In the past, policies and systems for full employment, universal access to public education, wage regulation, progressive income taxes, and social security all helped to limit inequality. Today, the benefits of economic growth are not shared a evenly as they once were. While not as extreme as inequality in the United Kingdom or the United States, there is a growing gap in incomes and wealth for different groups in Australian society. Over the last 20 years the share of income going to those at the top has risen, while the share flowing to those in the middle and at the bottom has declined. The same is true for wealth, with the bottom and middle having lost ground to those at the top. Unless action is taken, the trend towards greater inequality will continue and worsen.

Seven things you need to know

According to ACOSS and their report on inequality in Australia:

  • A person in the top 20% income group receives around five times as much income as a person in the bottom 20%.

  • While it is true that over the 25 years to 2010 real wages have increased by 50% on average, wages only grew by 14% for those in the bottom 10% compared with 72% for those in the top 10%.

  • Income is not evenly distributed across the states and territories. For example, people in Tasmania are more likely to be in bottom 20%, whereas people in Western Australia are more likely to be in top 20%.
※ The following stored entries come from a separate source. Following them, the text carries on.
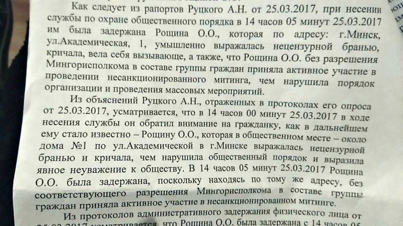 Девушка специально приехала в Минск, чтобы поддержать друзей, задержанных 15 марта. И у Академии наук в День Воли она также оказалась не случайно, с собой у нее была растяжка «всех не пересажаете», которую она планировала развернуть. Ольгу беспрепятственно пропустили через оцепление, а потом затащили в автозак.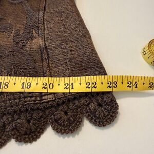 Copper brown Woven fabric with embroidery and copper sequins and crochet trim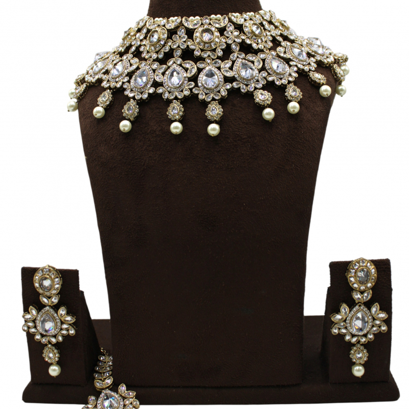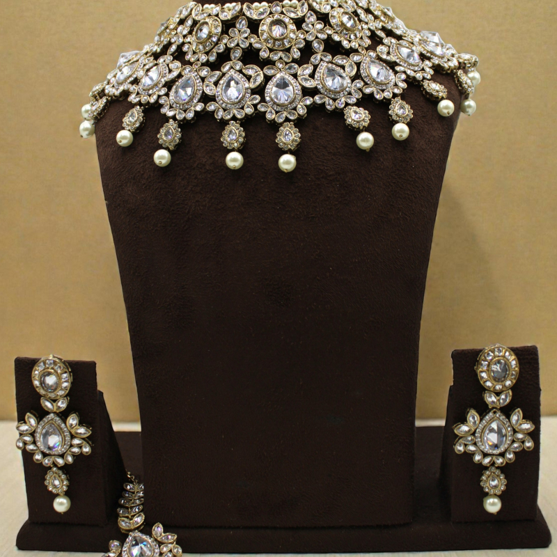 Radiate timeless bridal elegance with this stunning Rajwadi Classic Polki Pearl Choker Set. Designed with intricate floral craftsmanship, this luxurious choker features shimmering polki-style stones set in antique gold polish.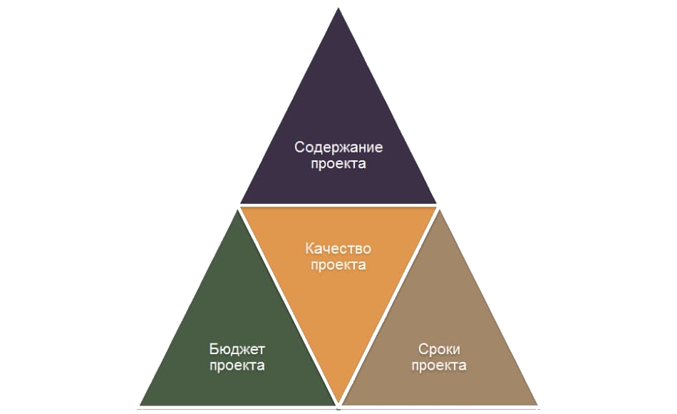 Классический проектный треугольник состоит из трёх ограничивающих проект факторов: это содержание, время и бюджет. Каждый из них влияет на качество продукта и друг на друга.

  • There is an urban and regional pattern to income inequality, with people in capital cities more likely to be in the top 20%, while those outside capital cities are more likely to be in the bottom 20%.

  • Wealth is far more unequally distributed than income. Wealth in Australia is highly concentrated. The top 10% of wealth holders in Australia own 45% of all wealth. The bottom 40% of households own just 5% of all wealth.

  • The top 20% of the wealth distribution owns 80% of all wealth in investment properties and shares and 60% of all superannuation wealth.

  • The average wealth of a person in the top 20% increased by 28% over the past 8 years, while for the bottom 20% it increased by only 3%.